American actor (1955–2021)

Peter Thomas Scolari (September 12, 1955 – October 22, 2021) was an American actor. He was best known for his roles as Henry Desmond in the ABC sitcom Bosom Buddies (1980–1982) and Michael Harris on the CBS sitcom Newhart (1984–1990), the latter of which earned him three consecutive nominations for Primetime Emmy Awards for Outstanding Supporting Actor in a Comedy Series from 1987 to 1989.

Scolari had roles as Wayne Szalinski in the Disney sitcom Honey, I Shrunk the Kids: The TV Show (1997–2000) and as Tad Horvath in the HBO series Girls (2012–2017), the latter of which earned him the Primetime Emmy Award for Outstanding Guest Actor in a Comedy Series. He had recurring roles as Gillian B. Loeb in the superhero crime series Gotham (2015) and Bishop Thomas Marx in the supernatural series Evil (2019–2021).

He acted in the films The Rosebud Beach Hotel (1984), Corporate Affairs (1990), That Thing You Do! (1996), and The Polar Express (2004).

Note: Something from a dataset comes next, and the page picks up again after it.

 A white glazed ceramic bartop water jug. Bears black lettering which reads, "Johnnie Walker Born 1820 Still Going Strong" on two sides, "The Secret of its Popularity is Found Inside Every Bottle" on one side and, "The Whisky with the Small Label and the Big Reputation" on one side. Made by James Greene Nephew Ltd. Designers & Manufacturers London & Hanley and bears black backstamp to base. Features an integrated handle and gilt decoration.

On stage, he portrayed Yogi Berra in the play Bronx Bombers (2014) and acted in the Larry Gelbart's Sly Fox (2004), Eric Simonson's Magic/Bird (2012), and Nora Ephron's Lucky Guy (2013). He also acted in replacement roles in the musicals Hairspray in 2003 and Wicked in 2016.

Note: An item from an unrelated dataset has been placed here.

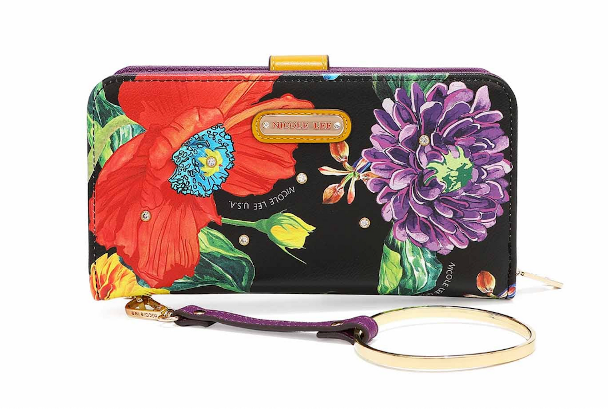 - Includes detachable wristlet strap with circle metal ring handle (3" diameter)

== Early life and education ==
Scolari was born in New Rochelle, New York, to Arthur and Barbara (née Fay) Scolari, and was raised in Scarsdale along with an older sister and two younger brothers. His father was of Italian descent and played semi-professional baseball before becoming a lawyer. His mother was a singer prior to meeting Scolari's father and later worked with the Alcohol Rehabilitation arm of the Tidewater Psychiatric Institute in Virginia Beach, Virginia. In an interview with the Toronto Star Scolari said that his father was a psychologically abusive, "rageful man", and that his mother struggled with alcoholism. Scolari added that his parents "stayed together for the kids and also because they were hopelessly in love with each other, but they were totally incompatible."

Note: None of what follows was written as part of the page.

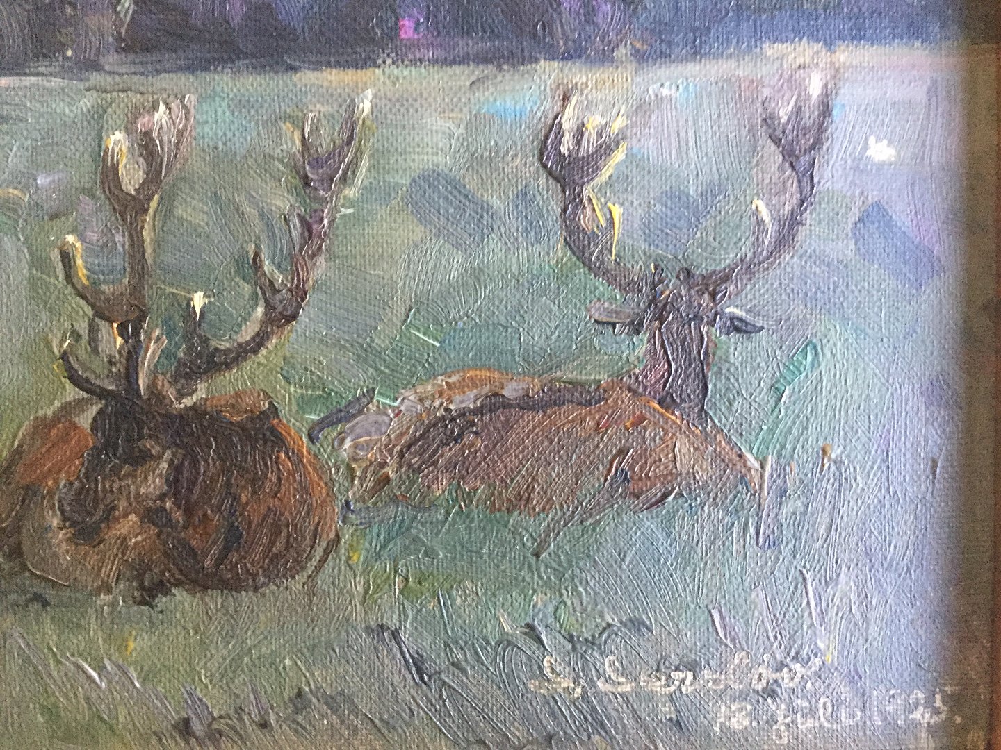 Maleri af Frederik Larsen-Særsløv 1925 - Hvilende Kronhjorte ved skov.

At the age of 13, Scolari did some animation voice acting work and performed in plays while attending Edgemont High School in Scarsdale, where he also participated in football, baseball and track. At 16 years of age he starred as Finch in a high school production of How to Succeed in Business Without Really Trying and came to the realization that he wanted to be an actor professionally.

In 1972, he enrolled at Occidental College in Los Angeles as a theater arts major, but left a year later and returned to New York after his father died. He joined the Colonnades Theatre Lab, a repertory theatre in Manhattan, working with actors such as Danny DeVito, Rhea Perlman, Jeff Goldblum and Michael O'Keefe. Scolari was also working on a degree in comparative literature at City College of New York. During this time, Scolari appeared in multiple off-Broadway plays and met Finnish actor Paavo Tammim, who taught him to juggle. He also studied mime and learned to ride a unicycle. His performance in a 1974 production of "Reflections" received a rave review from The New York Times. In 1979 he returned to Los Angeles.

==Career==
=== 1978–1990: Bosom Buddies and Newhart ===
Credited under pseudonym Barney Tramble, Scolari's first film role was in the 1978 X rated film Take Off. He played a teenager named Kookie and his performance did not involve nudity. Scolari was signed to do an NBC pilot in 1979 titled The Further Adventures Of Wally Brown, a show that did not get picked up. He starred in the short-lived 1980 sitcom Goodtime Girls as Benny, the juggling neighbor of the title characters. His big break came when he was cast with Tom Hanks in the 1980 sitcom, Bosom Buddies. Scolari and Hanks play a couple of advertising copywriters who disguise themselves as women in order to live in an affordable New York apartment – a women's-only residence called the Susan B. Anthony Hotel. A different actor had initially been cast alongside Hanks, but things didn't work out. Scolari happened to be playing a guest role on an adjacent sound stage and was auditioned for the role. The show's pilot was shot a few days later. Scolari played Henry Desmond, whose female pseudonym was Hildegard, and Hanks played Kip Wilson, who went by the name Buffy. Bosom Buddies started out with good ratings, but failed to hold the public's interest and was canceled after two seasons and 37 episodes. His next starring role was in the 1983 sitcom Baby Makes Five, which was cancelled after only five episodes.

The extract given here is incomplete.